Natural Food Coloring and Dye
Because anthocyanins produce vivid red and purple hues, red corn is a source of natural pigment for the food industry. As consumer demand for clean-label products grows, manufacturers increasingly look to plant-derived colorants to replace synthetic dyes. Corn-based anthocyanin extracts can tint beverages, baked goods, and snack foods without artificial additives. The pigments are water-soluble, which makes them relatively easy to incorporate into liquid and semi-liquid food products.
Red corn also makes a natural textile dye. Indigenous communities across the Americas have used colored corn varieties for centuries to produce pigments for fabrics and crafts, a practice that continues today in traditional and artisanal settings.

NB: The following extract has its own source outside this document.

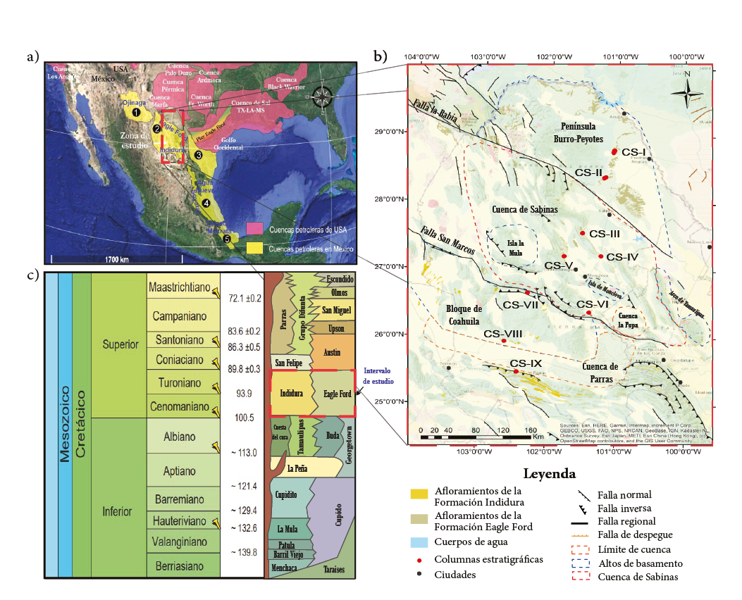 Ambas formaciones sedimentarias incluyen el OAE-2, dentro del límite Cenomaniano-Turoniano (Haq et al., 1987; Robaszynski et al., 2010), correlacionándose temporalmente. La Formación Eagle Ford se localiza en la cuenca de Sabinas, mientras que la Formación Indidura aflora en la Sierra Madre Oriental. También se correlacionan con las formaciones Ojinaga en la cuenca de Chihuahua, Agua Nueva en la cuenca Tampico Misantla, Soyatal al oeste de la cuenca Tampico Misantla, Orizaba y Maltrata en la cuenca de Veracruz y Cintalapa del Grupo Sierra Madre en Chiapas (Santamaría-Orozco et al., 1991; Martínez et al., 2000; De Antuñano et al., 2001; Sánchez-Bermeo et al., 2002; Enciso-Cárdenas, 2015; entre otros). En la cuenca de Sabinas, el contacto superior entre la Formación Eagle Ford y Austin está definido por un hiato regional (Mancini y Puckett, 2005) y un contacto transicional que ha sido difícil de determinar en campo. En cambio, el contacto inferior con la Formación Buda está claramente definido por el cambio de color y texturas de las rocas calcáreas, mientras que hacia la cuenca de Parras la Formación Indidura sobreyace a la Formación Aurora en un contacto que puede ser transicional o abrupto (Kelly, 1936; Sellards, et al., 1966).

Cultural and Ceremonial Significance
Corn in all its colors holds deep importance to Indigenous nations across the Americas. Maize is a staple food that also features prominently in ceremonies, stories, songs, and dances. Red corn is one of several sacred colors recognized in various tribal traditions, where different kernel colors often carry specific spiritual meanings. Many tribes grow multicolored corn varieties as part of agricultural practices that stretch back thousands of years, and preserving these heirloom strains is a form of cultural continuity.
Decorative Uses
The deep reddish-maroon ears of varieties like Bloody Butcher are popular as fall decorations. You’ll see them on front doors, in harvest displays, and at farmers’ markets from September through November. Some varieties produce ears with a mix of red, burgundy, and near-black kernels, making each ear visually distinct. Unlike purely ornamental corn, most red varieties remain fully edible, so those decorative ears can be shelled and ground into cornmeal once the season is over.